We automatically evaluated accuracy by comparing the Disambiguator's results to a manually determined gold set standard of 1000 spots per topic. We use the standard Precision and Recall measures: Precision denotes the ratio of spots correctly identified by the Disambiguator as on topic out of all the spots reported as being on topic. Recall denotes the ratio of spots correctly identified as on topic out of all the spots that actually are on topic. In general, we prefer high precision over high recall. In other words, we prefer to miss a few occurrences than to incorrectly include wrongly identified subjects. As a baseline for comparison, we use a Bernoulli decision process that with probability p (1-p) determines the spot as being on (off) topic.

Figure 1 - Precision and Recall for Madonna

Results for Madonna are shown in Figure 1. Based on our gold-set, we estimate the a-priori probability for a spot of the subject Madonna being on topic at 0.866. Consequently, even a simple-minded “always say yes” strategy (Bernoulli p=1) does well on Madonna. The KA yields a precision of over 95%, but at a very low recall. This is due to the fact that we only took LAs from the KA. Both the supervised learning and the manual approaches show extremely high precision: 97-99%. This comes at a recall level of 80-85%. Results for Pink are shown in Figure 2. The percentage of on-topic occurrences in our gold data-set was 0.267. Intuitively, this makes Pink a tougher case to disambiguate, as shown by the baselines’ poor performance.

Figure 2 – Precision and Recall for Pink

Results for Bands are shown in Figure 3. Since this data-set combines does not form a coherent set, we were unable to create a relevant KA for it.

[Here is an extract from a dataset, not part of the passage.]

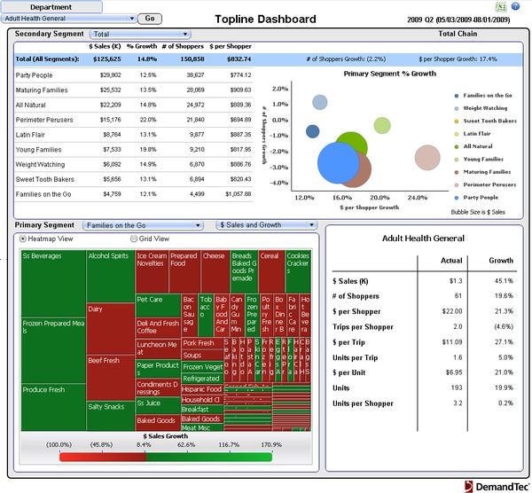 Shopper Insights provides 21 dashboards, each containing vital information about your shoppers at various levels of analysis, from the enterprise-level Topline Dashboard to the individual item level, using granular drill-down dashboards like the Item Importance Dashboard. Using these interactive dashboards, you can research performance across:

For the gold set, the ratio of on-topic hits was 0.141.

Figure 3 – Precision and Recall for Bands

Our experiments show that the basic premise of locating on/off topic terms in the context of spotted subjects is extremely helpful for disambiguation. As we have seen, this approach is able to achieve high levels of accuracy with limited training. Thus, the main challenge lies in generating highly accurately discriminating terms. All the techniques we have experimented with require some amount of training or teaching from the user. There is a trade-off between the amount of labour required and the degree of accuracy required. It is possible, and indeed may be worthwhile to fine-tune a set of disambiguation terms until results are extremely accurate. Our system provides a convenient method for doing so. More automated techniques tend to introduce considerable noise, and thus cannot be used in isolation.